Prix des carburants en Corse : l’Autorité de la concurrence s’est « saisie d’office ».

Prix des carburants en Corse : l’Autorité de la concurrence s’est « saisie d’office ».

21 décembre 2021 0 Par MMS
Partagez cet article :

L’autorité de la concurrence  s’est « saisie d’office » de la question de l’approvisionnement, du stockage et de la distribution des carburants dans l’île. Si des pratiques anti concurrentielles sont suspectées, elle seront notifiées aux entreprises et aux association d’entreprises du secteur qui devront alors entamer une procédure contradictoire.

En 2020 l’autorité de la concurrence avait déjà rendu un avis pour mieux contrôler le problème du monopole du stockage et de l’approvisionnement des carburants en Corse.

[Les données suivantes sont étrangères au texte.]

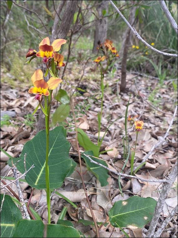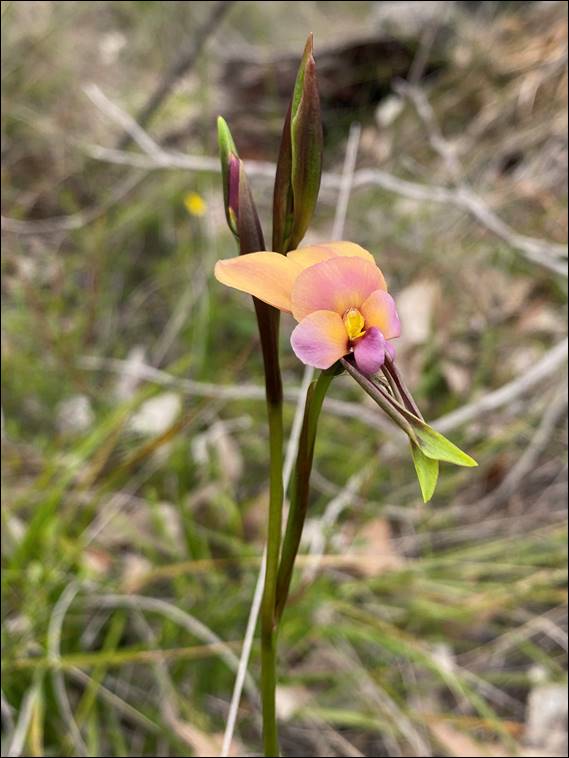 On the plus side we came across a single Rusty Spider Orchid (Caladenia ferruginea), which I mentioned in my last post as a species we have in previous years found at Ambergate Nature Reserve as a bit of a companion spider orchid to the Swamp Spider Orchid (Caladenia paludosa). Above we also found a single flowering Purple Pansy Orchid (Diuris longifolia), one of many donkey orchids species. The species name selected due to the length of its leaves that protrude below the flower head, with longifolia meaning long-leaved in Latin:
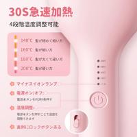 ・一千万級マイナスイン放出&やけど防止 千万級マイナスインがヘアアイロンから放出し、静電気付き髪の毛を中和したり、髪の毛の水分を保ったり、エレガントで滑らかな髪を実現できます。PTC加熱技術を採用しプレートを急速加熱できます。やけど防止ためヘアアイロンの先端にやけど防止トップを設計しました。
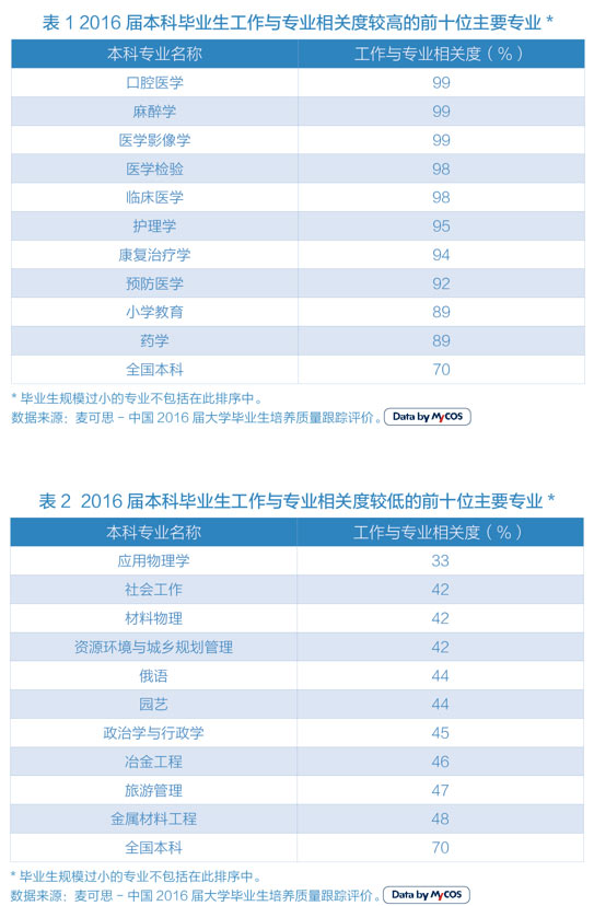 高考結(jié)束后,志愿填報(bào)成了家長(zhǎng)和考生面臨的另一道難題。麥可思近日發(fā)布《2017年中國(guó)大學(xué)生就業(yè)報(bào)告》(就業(yè)藍(lán)皮書(shū)),報(bào)告指出,三成以上畢業(yè)生工作與所學(xué)專業(yè)不對(duì)口;醫(yī)學(xué)類(lèi)專業(yè)工作與專業(yè)相關(guān)度高;應(yīng)用物理學(xué)工作與專業(yè)相關(guān)度較低;“與職業(yè)期待不符”、“迫于就業(yè)壓力”是選擇不對(duì)口工作的主要原因。
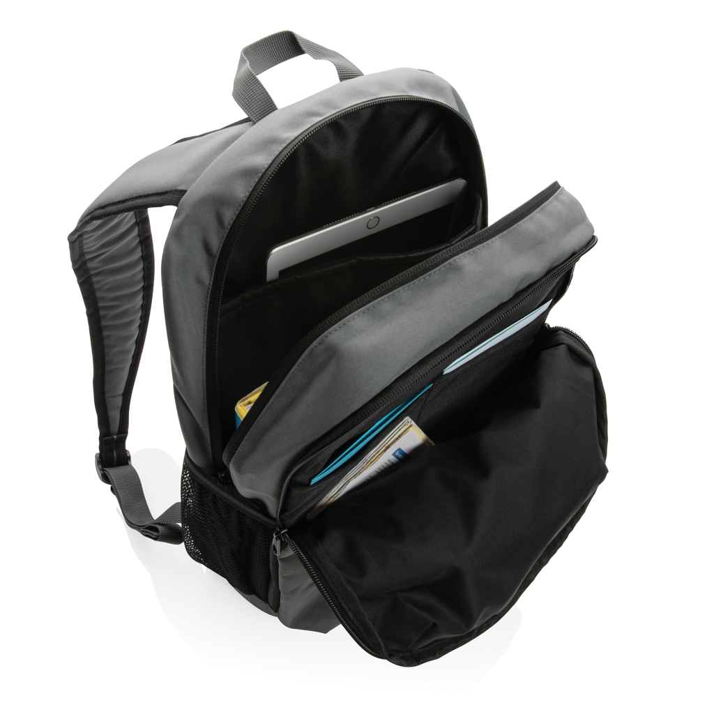 Základní batoh pro každou příležitost z kolekce Impact. Nabízí spoustu místa v hlavní části na zip včetně oddílu pro 15" notebook. Prostřední oddíl s 2 otevřenými kapsami, přední oddíl na zip pro rychlý přístup k drobnostem. Pohodlné ramenní popruhy, 2 vnější síťové kapsy na lahev. Ideální pro přenos sportovních věcí nebo na turistiku. Vnější část vyrobena ze 100 % recyklovaného polyesteru 300D, podšívka ze 100 % recyklovaného polyesteru 150D. Včetně skenovatelné složky AWARE™ garantující obsah recyklátu. Na výrobu bylo využito 15,39 500ml PET lahví a bylo uspořeno 9,2 litrů vody. Z výtěžku každého prodaného produktu z kolekce Impact je navíc přispěno 2 % na podporu iniciativy Water.org.
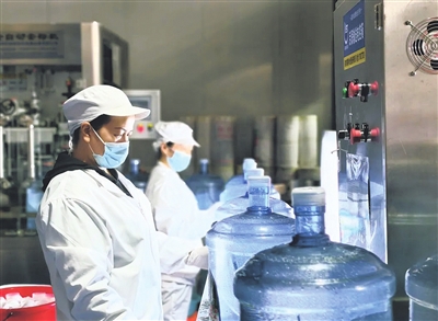 去年12月,完成技改升级后,这条全自动生产线每小时可生产2400桶饮用水,产能较改造前提升了一倍。
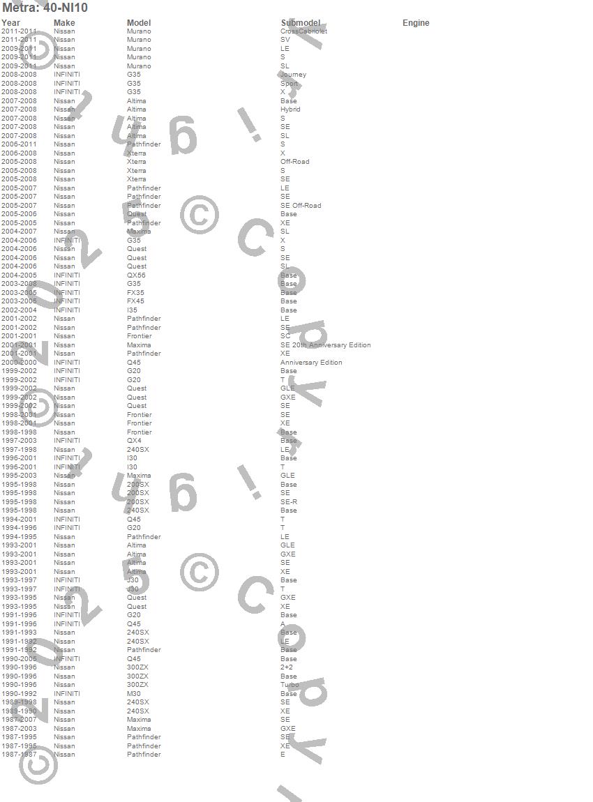 200SX, 240SX, 300ZX, Altima, Frontier, FX35, FX45, G20, G35, I30, I35, J30, M30, Maxima, Murano, Pathfinder, Q45, Quest, QX4, QX56 more…
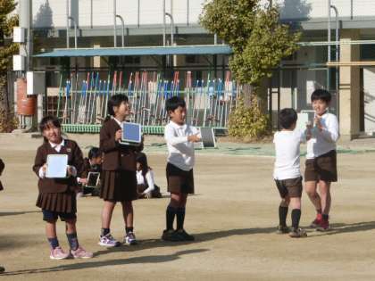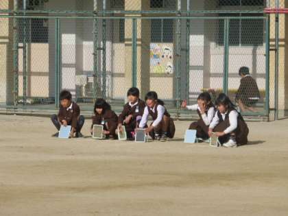 3年生は、理科の時間に、光の性質について運動場で鏡を使って実験していました。

Par la décision 21-SO-17 du 15 décembre 2021, l’Autorité de la concurrence s’est saisie d’office de pratiques présumées dans le secteur de l’approvisionnement, du stockage et de la distribution des carburants en Corse.

Par un avis du 17 novembre 2020 (Avis 20-A-11 relatif au niveau de concentration des marchés en Corse et son impact sur la concurrence locale) l’Autorité avait déjà examiné le fonctionnement de la concurrence dans ce secteur. La décision de saisine d’office fait suite à une enquête diligentée par les services d’instruction dans le même secteur depuis quelques mois. Elle leur ouvre la possibilité, s’ils suspectent des pratiques anticoncurrentielles, de les poursuivre en notifiant des griefs aux entreprises ou associations d’entreprises concernées. Le cas échéant, cette notification ouvre une procédure contradictoire permettant l’exercice des droits de la défense par une ou plusieurs entités en cause.

Cette décision de saisine d’office ne préjuge en rien de la culpabilité de quelque entreprise ou association d’entreprises que ce soit. Dans l’hypothèse où des griefs seraient finalement notifiés, seule une instruction menée de façon contradictoire, dans le respect des droits de la défense des parties concernées, permettrait au collège de déterminer, après échanges d’observations écrites et après une séance orale, si ceux-ci sont ou non fondés.

L’Autorité de la concurrence ne fera aucun autre commentaire, ni sur les pratiques suspectées, ni sur l’identité des entreprises ou associations d’entreprises potentiellement concernées.